The result comparison:

Original Image Mask Image Generated Image

shuffle

As I wrote in the first post, if we want to achieve compatibility to original, we might need to modify the ControlNetModel. I plan to write a patch for this over the weekend, so once the PoC is done, I intend to open a PR.

ip2p

Not yet. But the code in gradio_ip2p.py does not seem to be doing anything particularly special, and based on the results from this page, it does appear to be fine.

tile

Not yet. Since it is currently in an Unfinished status, it would be wise to hold off on addressing it until it at least changes to an Experimental status. In gradio_tile.py, quite different processing is being performed, and a dedicated pipeline specific to this may be necessary.

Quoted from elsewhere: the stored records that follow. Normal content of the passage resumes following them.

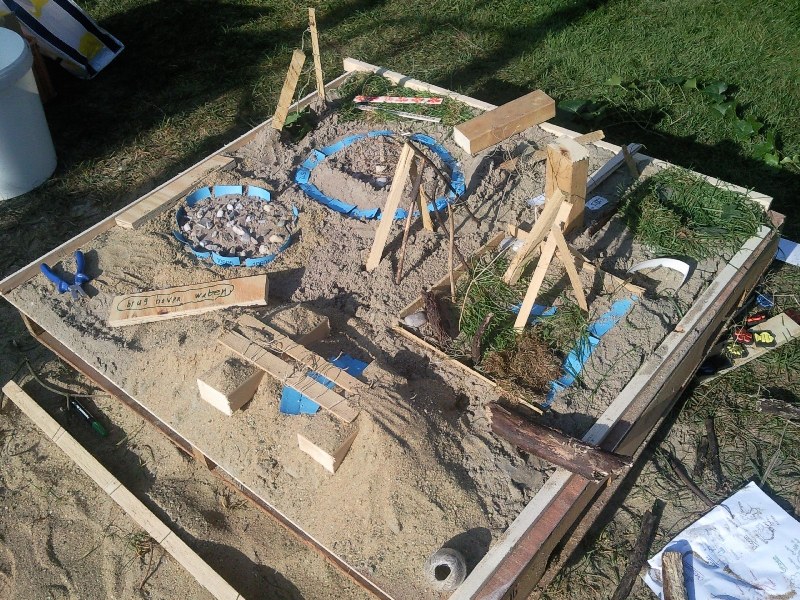De ondiepe waterlopen (tot ca. 25cm waterdiepte) verbreden zich aan de oostzijde van het natuurlijke terras tot een ondiepe plas, die soms droog staat en naar behoefte met regenwater gevuld kan zijn. Dit kan geregeld worden door een handmatig te bedienen sluisje in de afvoerende greppel. Het speelplasje geeft naast het terras de mogelijkheid om een speelstrandje van zand voor de allerkleinsten te realiseren.
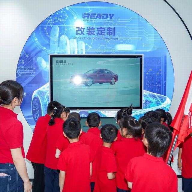 接着,葛总带领孩子们来到公司展厅,向孩子们介绍了今飞的发展历史,通过一幅幅珍贵的历史照片和实物展示,诉说着今飞历经的风雨兼程和取得的辉煌成就。从1959年的农业机械厂到1996年成立今飞机械集团有限公司,再从1998年的企业成功改制到2017年深交所成功挂牌上市。现在的今飞经过60多年的风雨,已经成为一个跨区域的制造业企业集团。参观的孩子们认真地听着葛总的介绍,驻足今飞发展中的各阶段产品,热烈地讨论着,并在展厅互动区亲自体验了汽车轮毂改装的乐趣。
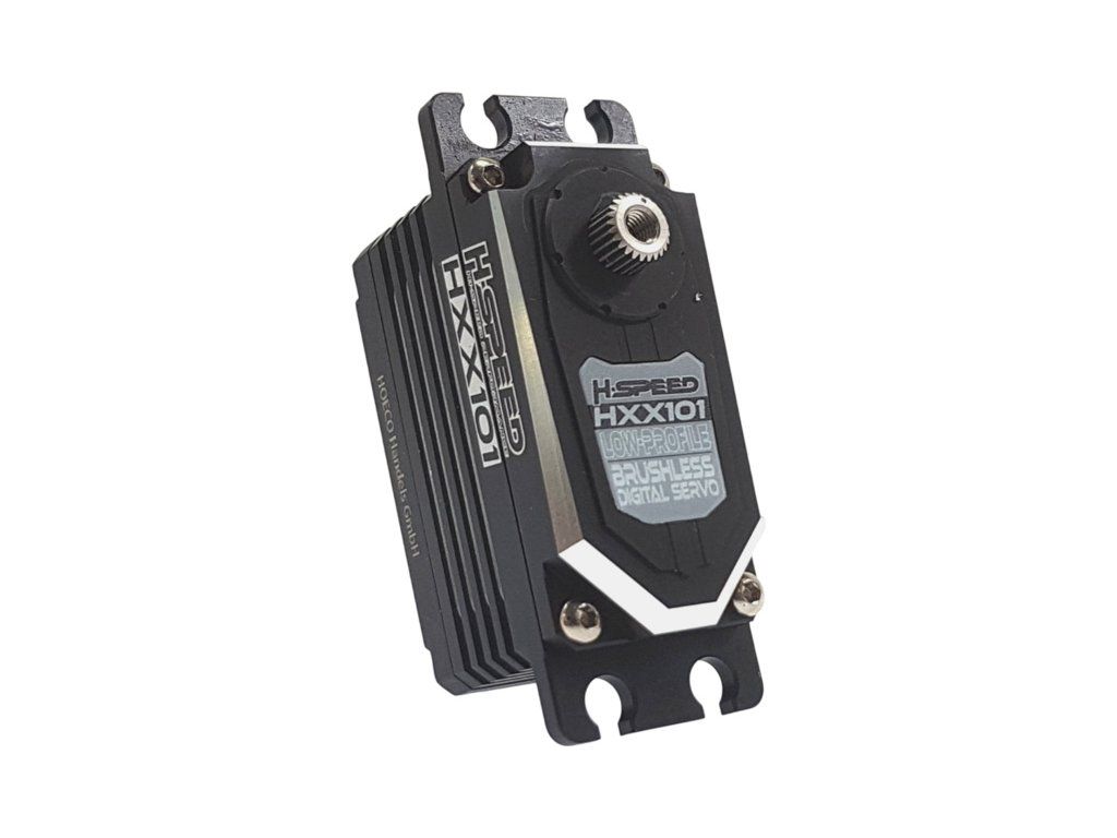 Kvalitní digitální nízkoprofilové servo H-Speed HXX101 pro RC modely aut 1:10, moment 13-18kg.cm @ 6-8.4V, rychlost 0,049-0,070s/60°. Kovové převody, střídavý motor, proudová a tepelná ochrana, hmotnost 51g, rozměry: 42x21x27mm. Tisícihran 25T.
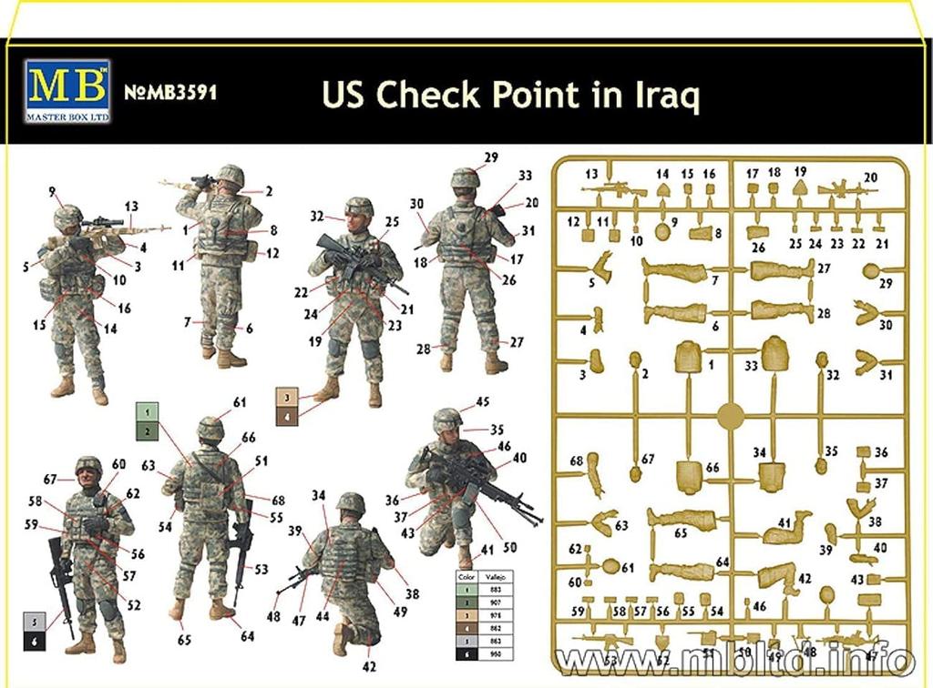 Master Box Американская армия 4 модели Ближневосточная база безопасности полное оборудование пластиковая модель MB35091 1/35
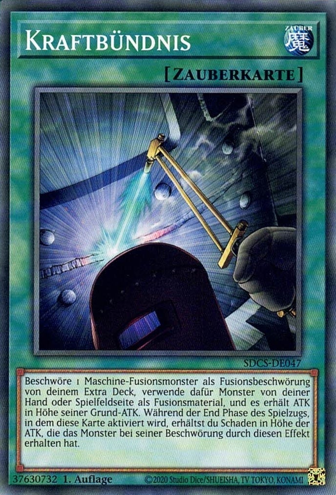 Beschwöre 1 Maschine-Fusionsmonster als Fusionsbeschwörung von deinem Extra Deck, verwende dafür Monster von deiner Hand oder Spielfeldseite als Fusionsmaterial, und es erhält ATK in Höhe seiner Grund-ATK. Während der End Phase des Spielzugs, in dem diese Karte aktiviert wird, erhältst du Schaden in Höhe der ATK, die das Monster bei seiner Beschwörung durch diesen Effekt erhalten hat.
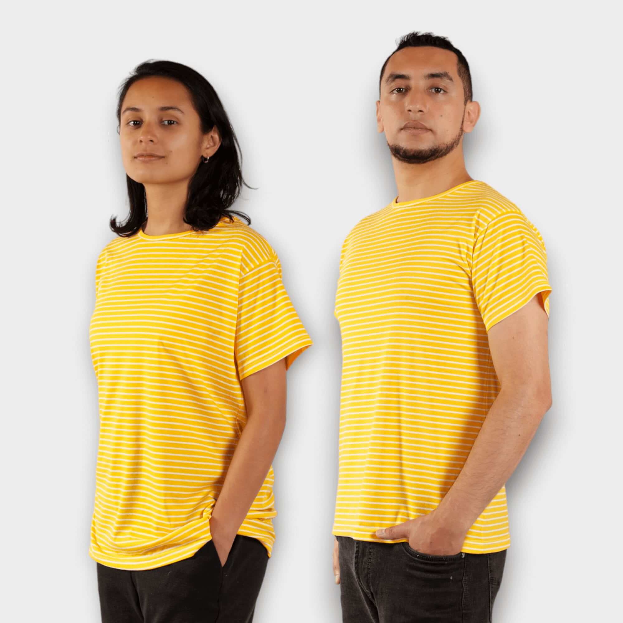 Camiseta Amarilla de Rayas Blancas para Hombre y Mujer.
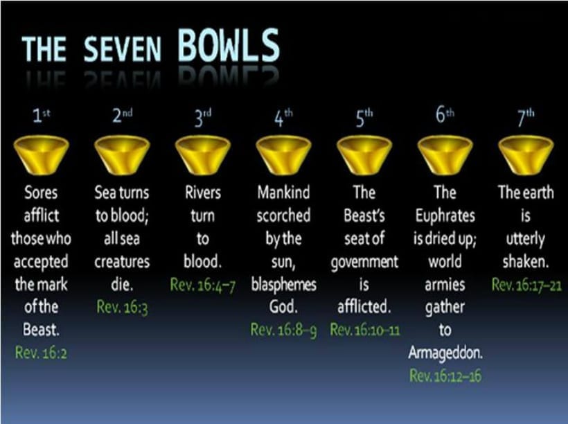 7 Bowls of Revelation: more disasters are unleashed upon our world as each of the Seven Angels pour out a bowl filled with God’s wrath.

patrickvonplaten commented 1 year ago

That's a great summary! Would you like to open a PR to add the inpainting example to: https://huggingface.co/lllyasviel/control_v11p_sd15_inpaint ?

Still need to find time to take a deeper look here though!

ghpkishore commented 1 year ago

@takuma104 for the controlnet inpaint code you shared , the entire image gets disturbed. Given that there is a need to ensure that only the masked area gets inpainted, how does that hold good here? This is from the mikubil's repo : https://github.com/Mikubill/sd-webui-controlnet/issues/968 where they give guidelines on usage of inpaint model with inpainting functionality. Therefore, do you think it might be necessary to use inpaint pipeline ?

takuma104 commented 1 year ago

@patrickvonplaten I just opened a PR for control_v11p_sd15_inpaint. Please make appropriate modifications to the wording as needed.

@ghpkishore Thanks to let me know! I think it might be possible using the Inpaint Pipeline, so I'll give it a try.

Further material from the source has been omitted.